24 May 2022

For immediate release

WA’s public-school leaders are currently facing an unprecedented staffing crisis across WA as increasingly high numbers of covid cases continue to impact the availability of both permanent and relief teachers.

The responsibilities of school leaders have escalated throughout the pandemic as they continue to grapple with ongoing staff absentees and the Education Department’s inability to provide sufficient relief staff to cover the shortages.

Principals Federation of WA (PFWA) President, Bevan Ripp, believes that the Department, although it is trying its best with limited resources, should be lobbying Government harder to support school leaders at a time when they are finding it increasingly difficult to adequately staff their classrooms and provide the quality of education for which our public schools are renowned.

He said the response from the Department to school leaders continued calls for more support and assistance to fill escalating staffing gaps was insufficient and put all the responsibility back onto Principals to cover ongoing staff shortages.

 He said the department had told Principals “They must consider all local solutions to provide coverage for any staff absent due to COVID-related reasons.
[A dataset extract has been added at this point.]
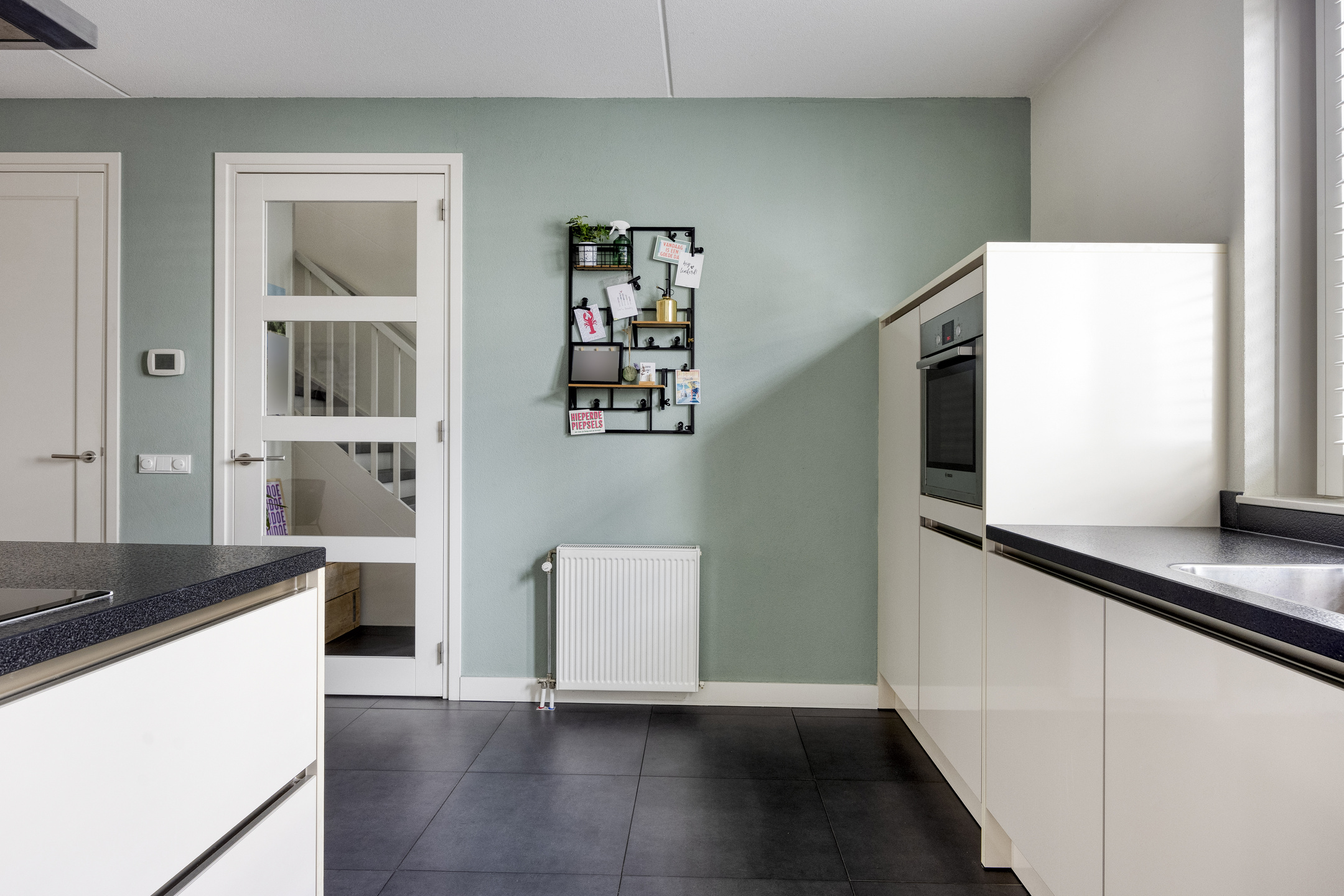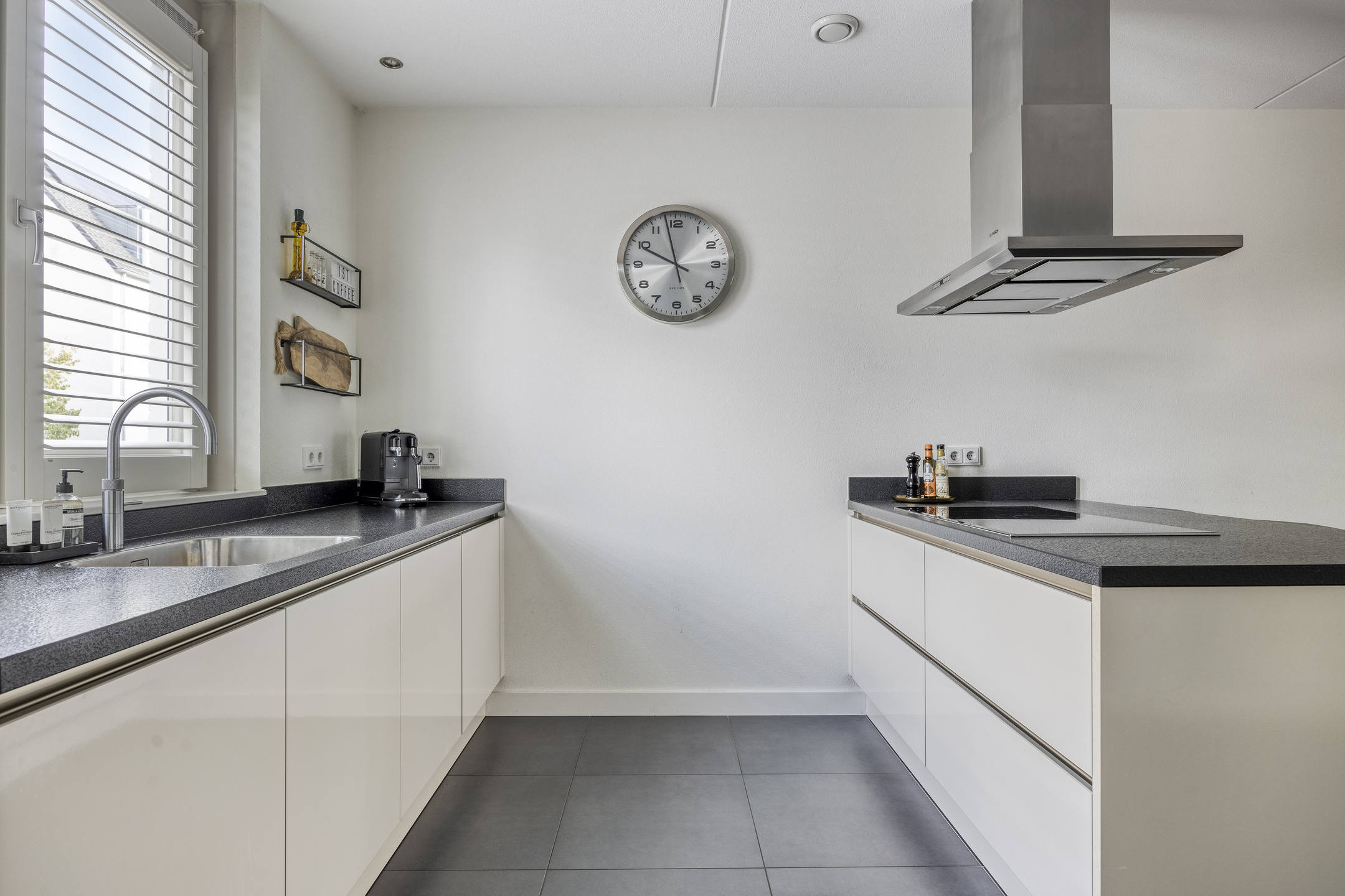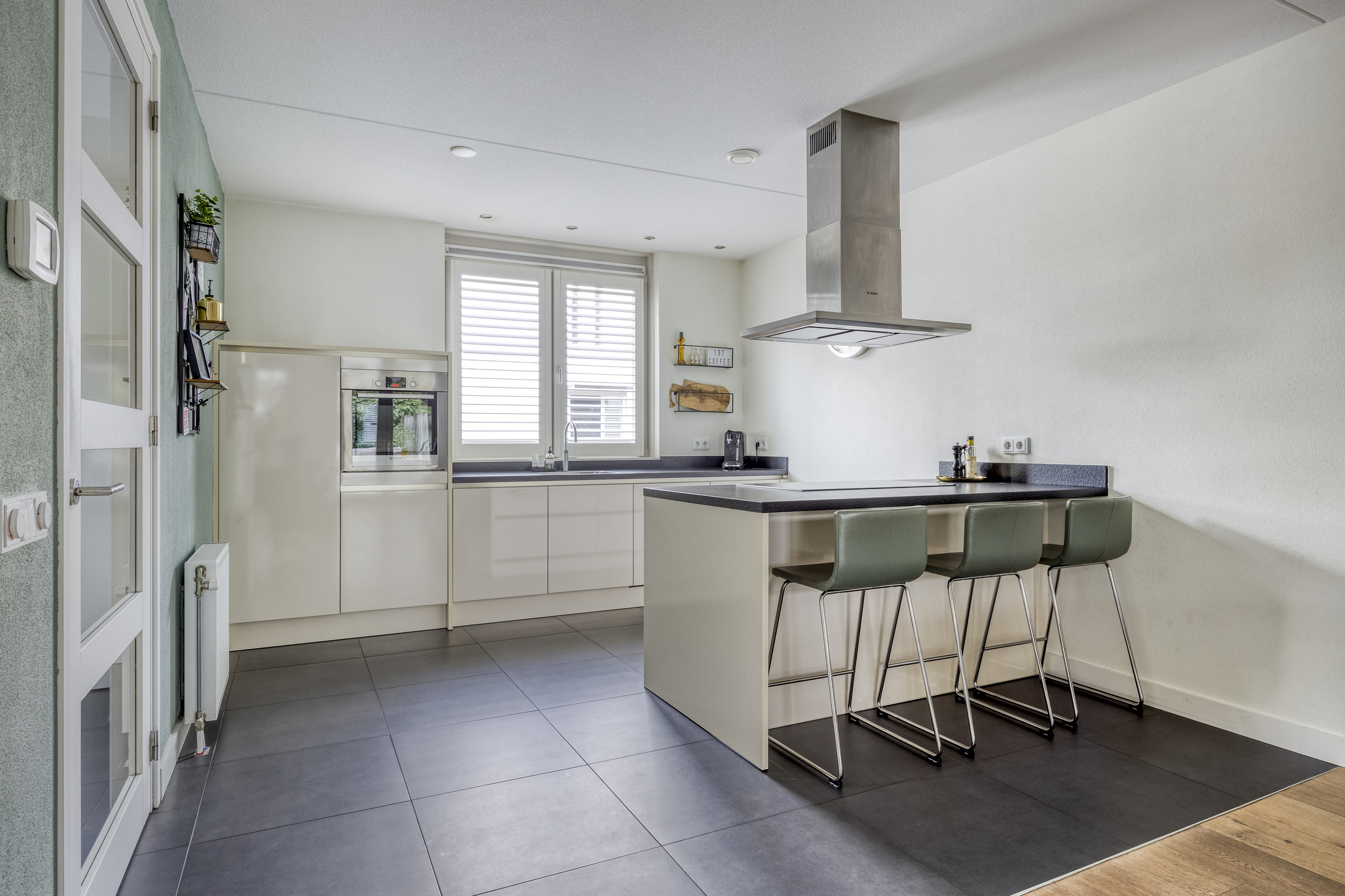 De keuken is modern, licht en praktisch. Je kookt hier op een inductieplaat ingebouwd in het grote kookeiland. In de ruime lades heb je volop bergruimte en aan de andere kant van het eiland kun je aan het barretje plaatsnemen. In de wandopstelling vind je de spoelbak met Quooker, een vaatwasser en een grote koelkast. Dankzij de donkergrijze tegelvloer met vloerverwarming en het mooie lichtinval door de ramen met shutters is dit een plek waar je graag kookt én samenkomt.

This means schools are expected to exhaust options such as postponing professional learning and cancelling off-site meetings, collapsing classes, using relief staff, and administrators teaching.”

 “The Government is expecting school leaders to deliver nigh on the impossible. We are concerned and we acknowledge that parents are also concerned and frustrated,” he said.

“We seek the community’s support and recognition that school leaders are doing everything they can to meet the needs of students and their families while sustaining high-quality learning in a safe environment. However, impacting on this is a staffing crisis school leaders cannot fix because the human resource is simply not there” Mr Ripp said.

The response from the Minister has been to establish a Ministerial Hotline for Principals, which flies in the face of long-established Public-Sector protocols.

“Feedback from Principals so far is it is a complete waste of time, an exercise in appearing to do something without actually achieving anything.”

“What would be better received by our members is the Minister recognising the value our school leaders bring to public education by advocating strongly for an industrial agreement that reflects the complexity and demands of their role,” he said.

Mr Ripp said he had heard from numerous school leaders across WA who were at the end of their tether trying to grapple with the current staffing crisis.

“At the moment it is a full-time job just to do staffing. We have 23 members of staff off tomorrow so far… I don’t know what the answer is, but this is not sustainable. The message needs to be seriously heard and action taken,” was the feedback from one member.

And from another: “I’ve just lost my school Psychologist, head cleaner, another teacher, and 2 more EAs to COVID and received my second cranky parent email for the day. What can I say? They are correct that their child is not getting the quality they deserve. Absolutely correct!”

“At what point can we collapse schools together? Or close them!? There is no learning happening here – staff just supervising for safety, avoiding the risk of accident whilst injuries are increasing,” another  PFWA member said.

Mr Ripp said that more support is needed from ministerial and government bodies through tangible means before we lose more school leaders through burnout and lack of support.

“School leaders are seeking the support of parents in understanding that public schools are experiencing a turbulent and difficult time, and it is certainly not business as usual, as the Government would have them believe.

“Education assistants, teachers and school leaders are working under extreme pressure trying their hardest to retain teaching and learning continuity in a very complex and challenging environment,” Mr Ripp said.

“School leaders have the responsibility for setting the conditions in which staff, students and the broader school community thrive, and they deserve an industrial agreement which recognises and rewards this extremely complex role. Currently, there is no incentive to attract good classroom practitioners into school leadership and this needs to change so our public schools continue the vital role they play in ensuring our young people are given the best educational opportunities available to them,” he said.